Unfolding Protein Prediction with Scale

Author: Denis Avetisyan

A new model, SeedFold, demonstrates that scaling both data and model size, combined with a novel attention mechanism, dramatically improves the accuracy of biomolecular structure prediction.

SeedFold achieves state-of-the-art performance on the FoldBench benchmark by scaling folding models across model capacity-through a Pairformer width of 512-architecture-employing linear triangular attention to reduce computational complexity-and data-leveraging large-scale distillation to expand training to 26.5 million samples, as demonstrated by its 384-width variant, SeedFold-Linear.

SeedFold achieves state-of-the-art performance on FoldBench through efficient linear attention and optimized data distillation techniques.

Achieving highly accurate biomolecular structure prediction requires continually increasing model capacity, a process often limited by computational complexity. This need drives the work presented in ‘SeedFold: Scaling Biomolecular Structure Prediction’, which introduces a novel approach to scaling both model and data size for protein folding. SeedFold leverages an effective width-scaling strategy, a new linear triangular attention mechanism to reduce computational load, and a large-scale distilled dataset, demonstrably outperforming AlphaFold3 on most protein-related tasks evaluated on FoldBench. Will these innovations pave the way for even more powerful and accessible biomolecular foundation models?

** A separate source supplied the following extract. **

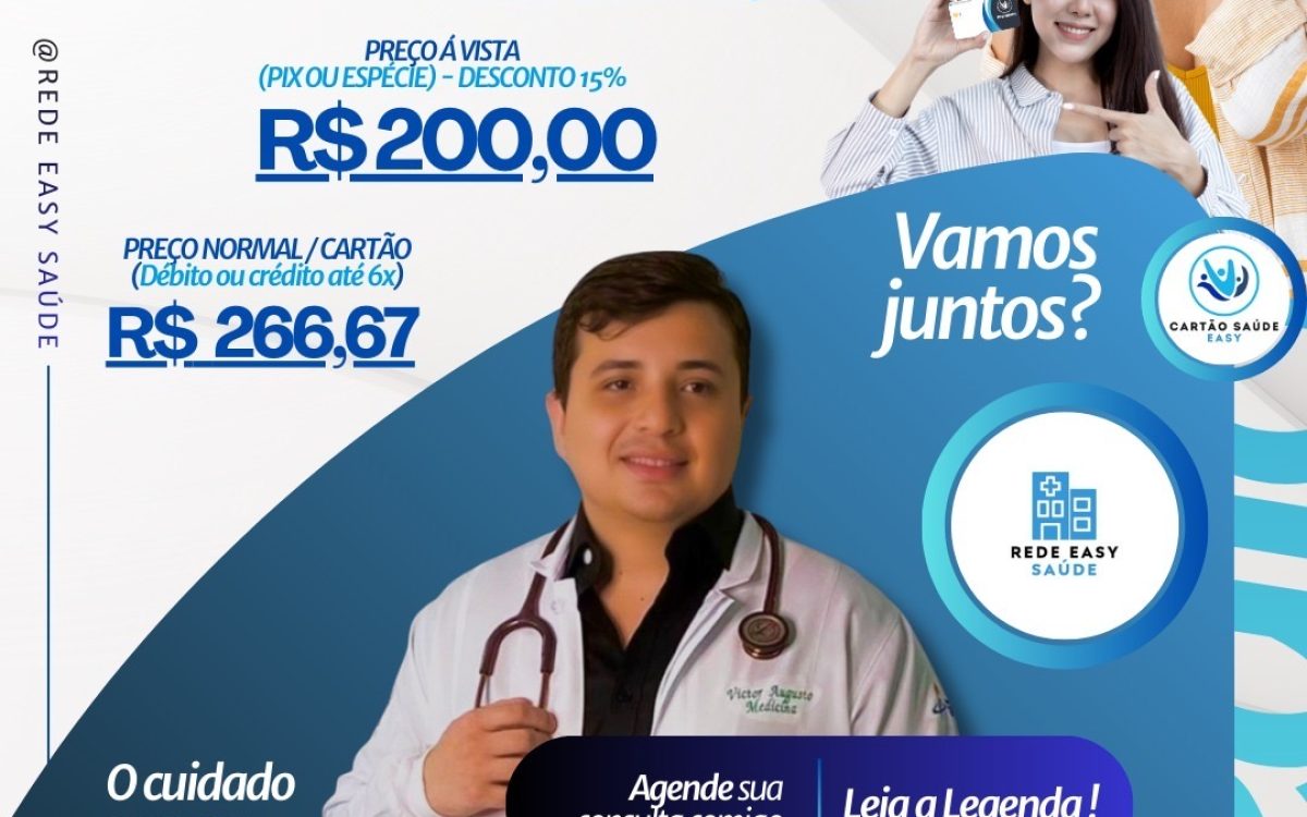 O atendimento é realizado pelo neurologista Dr. Victor Augusto, e os preços variam de acordo com a forma de pagamento. Para usuários do Cartão Saúde Easy ou Saúde Easy Premium, o valor da consulta é de R$ 160, com desconto de 40% para pagamentos via PIX ou em espécie. Já o pagamento à vista, também por PIX ou dinheiro, garante desconto de 15%, com valor final de R$ 200. No cartão de crédito ou débito, o preço normal é de R$ 266,67, com possibilidade de parcelamento em até seis vezes.

The Enduring Challenge of Protein Folding

The fundamental link between a protein’s three-dimensional structure and its biological function necessitates accurate structure prediction, yet achieving this has long presented a significant computational hurdle. Traditional methods, relying on experimental techniques like X-ray crystallography and nuclear magnetic resonance, are often time-consuming, costly, and struggle with proteins that are difficult to isolate or unstable. Computational approaches, while offering a faster alternative, face the ‘combinatorial explosion’ of possible conformations a protein chain can adopt as it folds – a problem so complex that exhaustively searching for the lowest energy state, which corresponds to the native structure, remains computationally intractable for all but the smallest proteins. This inherent difficulty limits progress in diverse fields, from designing targeted therapeutics to engineering novel biomaterials, as understanding a protein’s role requires knowing precisely how it is shaped and how that shape dictates its interactions.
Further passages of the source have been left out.